I use Rome library but not found any solution.
how to get image's url in item with Rome library ?

I for that get image tag , build new rss parser on the following:
public class NewRssParser extends RSS094Parser implements WireFeedParser {
public NewRssParser() {
this("rss_2.0");
}
protected NewRssParser(String type) {
super(type);
}
protected String getRSSVersion() {
return "2.0";
}
protected boolean isHourFormat24(Element rssRoot) {
return false;
}
protected Description parseItemDescription(Element rssRoot, Element eDesc) {
Description desc = super.parseItemDescription(rssRoot, eDesc);
desc.setType("text/html"); // change as per
// https://rome.dev.java.net/issues/show_bug.cgi?id=26
return desc;
}
public boolean isMyType(Document document) {
boolean ok;
Element rssRoot = document.getRootElement();
ok = rssRoot.getName().equals("rss");
if (ok) {
ok = false;
Attribute version = rssRoot.getAttribute("version");
if (version != null) {
// At this point, as far ROME is concerned RSS 2.0, 2.00 and
// 2.0.X are all the same, so let's use startsWith for leniency.

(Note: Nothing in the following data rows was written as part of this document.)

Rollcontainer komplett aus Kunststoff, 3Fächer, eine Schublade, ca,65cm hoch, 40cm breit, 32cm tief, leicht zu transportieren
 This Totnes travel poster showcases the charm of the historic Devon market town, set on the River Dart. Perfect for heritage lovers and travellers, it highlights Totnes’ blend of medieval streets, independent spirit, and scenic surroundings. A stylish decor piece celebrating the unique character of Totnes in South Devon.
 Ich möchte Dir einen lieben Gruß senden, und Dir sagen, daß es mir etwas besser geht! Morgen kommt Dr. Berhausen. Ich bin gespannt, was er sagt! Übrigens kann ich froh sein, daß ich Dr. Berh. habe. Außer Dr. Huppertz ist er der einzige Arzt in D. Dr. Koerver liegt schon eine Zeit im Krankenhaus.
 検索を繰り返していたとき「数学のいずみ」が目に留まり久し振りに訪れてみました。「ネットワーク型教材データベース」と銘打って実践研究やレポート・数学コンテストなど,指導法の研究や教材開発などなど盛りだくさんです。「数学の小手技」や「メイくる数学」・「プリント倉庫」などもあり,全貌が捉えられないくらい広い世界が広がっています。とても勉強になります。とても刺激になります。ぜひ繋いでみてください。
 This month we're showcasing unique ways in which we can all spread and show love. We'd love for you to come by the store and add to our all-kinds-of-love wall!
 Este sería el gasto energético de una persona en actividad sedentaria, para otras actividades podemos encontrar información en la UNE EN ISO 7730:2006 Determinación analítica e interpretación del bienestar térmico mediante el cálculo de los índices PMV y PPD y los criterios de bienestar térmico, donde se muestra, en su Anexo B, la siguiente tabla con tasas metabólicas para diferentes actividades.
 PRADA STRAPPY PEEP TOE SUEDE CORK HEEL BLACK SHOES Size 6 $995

ok = version.getValue().startsWith(getRSSVersion());
}
}
return ok;
}
#Override
public Item parseItem(Element arg0, Element arg1) {
Item item = super.parseItem(arg0, arg1);
Element imageElement = arg1.getChild("image", getRSSNamespace());
if (imageElement != null) {
String imageUrl = imageElement.getText();
Element urlElement = imageElement.getChild("url");
imageUrl = urlElement != null ? urlElement.getText() : imageUrl;
Enclosure enc = new Enclosure();
enc.setType("image");
enc.setUrl(imageUrl);
item.getEnclosures().add(enc);
}
return item;
}
}
in the class override parseItem method and add code for get image element and add image's url to Enclosures.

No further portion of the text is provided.